Cardiac Surgery



Cardiac Surgery





Forty to 50 years ago, the idea of operating on the inside of the heart was pure science fiction. Now it happens every day in every major hospital in the Western world. How this all came about is a fascinating study in the way science works: this can’t happen until that’s discovered, and that can’t be discovered until something else is perfected, and so on. For instance, before World War II the only possible kind of heart surgery took place outside the heart. A patent ductus arteriosus could be closed off without invading the heart itself. The operation worked well and it wasn’t dangerous.

The first attack on disease inside the heart was surgery for mitral stenosis. It’s technically easy to insert a finger into the left atrium and break open the adhesions that hold the valve shut (Fig. 21-1). The problem was that there are practically always blood clots in the atrium when mitral stenosis is present. The first attempts at surgery were a disaster because blood clots were loosened and went floating out into the arteries like time bombs.

How to get rid of the clots? In 1941, a researcher at the veterinary school of the University of Wisconsin, Dr. Karl Paul Link, isolated a chemical that kept blood from clotting. It was called dicumarol, and it was the first substance of its kind in human history.

A Swedish physician named J. Eric Jorpes discovered another anticlotting drug, heparin. Now the way was open for heart surgery. After World War II, the operation for mitral stenosis became a standard procedure with very little risk.
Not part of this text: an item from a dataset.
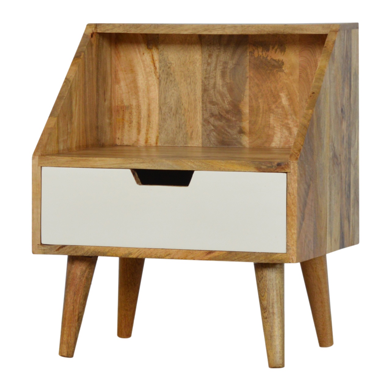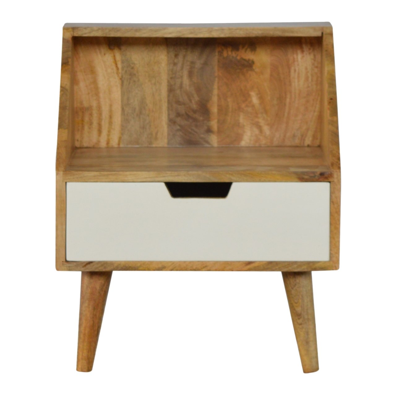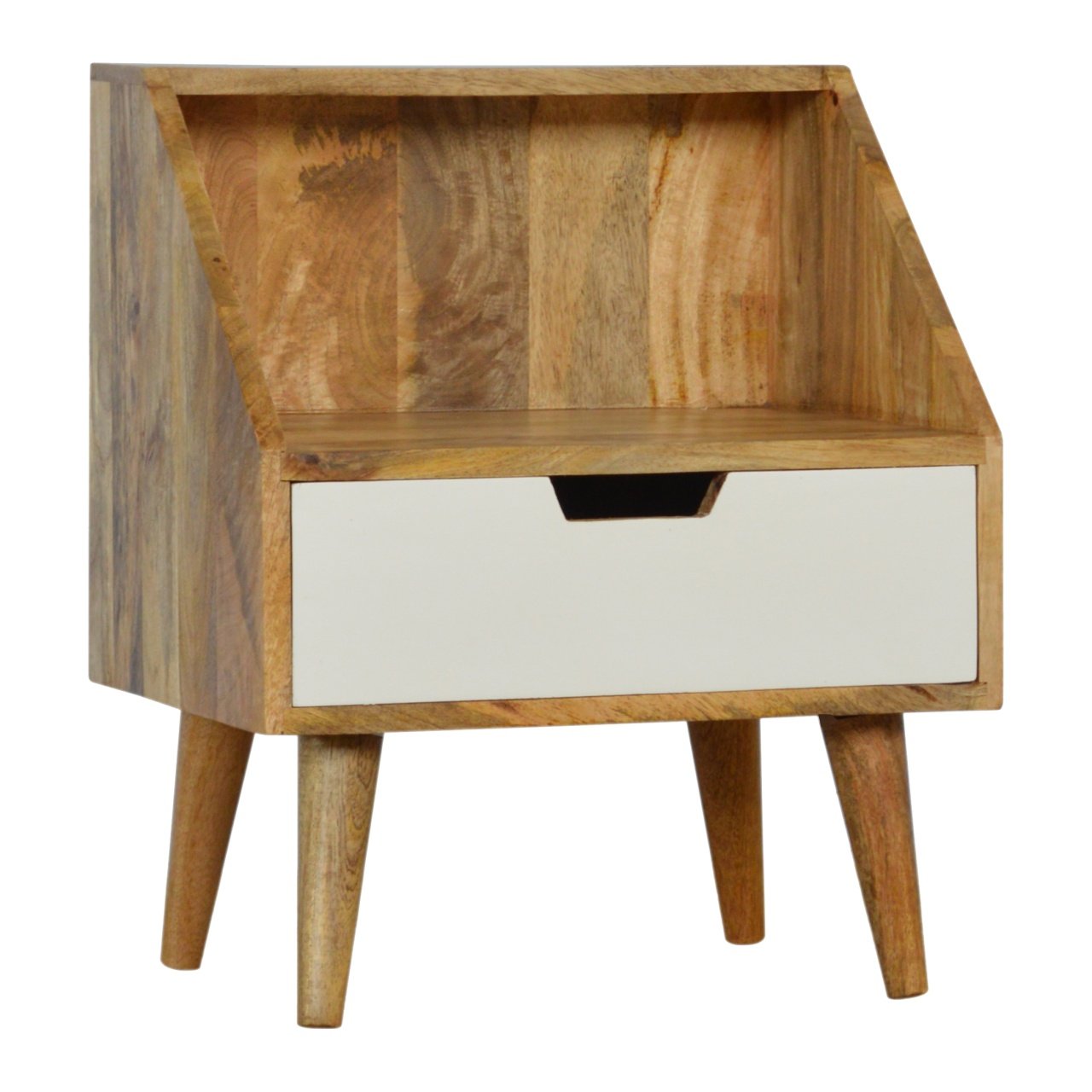 This bedside table is the perfect stand for any bits and pieces you wish to keep nearby before bedtime. It features a raised open slot providing ample space for a lamp, photo frame or any ornaments. It has been constructed from 100% solid mango wood with a fine oak finish finish body and 1 white hand painted drawer. Some other product characteristics are 4 Nordic style legs with cut out slots for easy access to and from the drawers.

Anticoagulant medication is given for a sufficient period before the operation so that there is no danger from clots. All the old clots will “organize,” that is, they will be slowly disintegrated by the natural process of the body and no new ones will form.

The next technical stride was the invention of the heart-lung machine (Fig. 21-2). Perfected in the fifties and sixties, this machine takes the blood out of the superior and inferior vena cavae and bypasses the heart and lungs, returning the blood to an artery. The machine oxygenates the blood and propels it ahead into the arteries, thus performing the functions of both heart and lungs. Now the surgeon can actually cut open the heart and repair the inner structures. It’s difficult to work on a beating heart, however. That problem is solved by actually stopping the heartbeat with a heavy dose of potassium or by packing the heart in slush. Either way, the heart is still and the surgeon can work precisely.







FIGURE 21-1 Closed heart operation on the mitral valve. The surgeon’s index finger is inserted through an opening in the wall of the heart, and the diseased valve (mitral stenosis) is opened by gentle manipulation.






FIGURE 21-2 The heart-lung machine.






FIGURE 21-3 Prosthetic valve. The valve is made of extremely hard, long-lasting material. It consists of two flaps that open and close to mimic the action of a normal mitral valve. This “flap” type of valve is the St. Jude valve, in wide use today. (Courtesy of St. Jude Medical.)


Valve Replacement

Artificial valves can be implanted in the mitral or aortic position. They can be made of metal and plastic or they may be actual tissue valves called bioprostheses that are usually from a pig (Fig. 21-3). The problem is there is always danger of clotting or infection.
The parts of a mechanical valve can wear out, and the tissue of a bioprosthesis can degenerate or calcify. The perfect valve hasn’t been invented yet, but some patients have excellent results for many years—practically through a normal lifetime.



Repair of Congenital Heart Defects

Septal defects can be closed with patches. Coarctation of the aorta can be repaired with a Dacron prosthesis or, in some cases, by simply cutting out the narrow area and sewing the ends of the vessel together. Practically any congenital abnormality can be corrected, partially or completely, now that the surgeon has a still, bloodless heart to work with.


Coronary Artery Bypass

It hasn’t been possible to “un-harden” an artery. Once an atheromatous mass plugs up a vessel, it’s there to stay. (At least until recently.)

But why not go around the obstruction? How about a detour? Dr. René Favaloro of Buenos Aires decided that might be a good idea. He took a piece of vein out of a patient’s leg and grafted, or tacked, one end of it to the aorta. He then attached the other end to the coronary artery beyond the point of obstruction. The “coronary artery bypass” was thus born (Figs. 21-4 and 21-5).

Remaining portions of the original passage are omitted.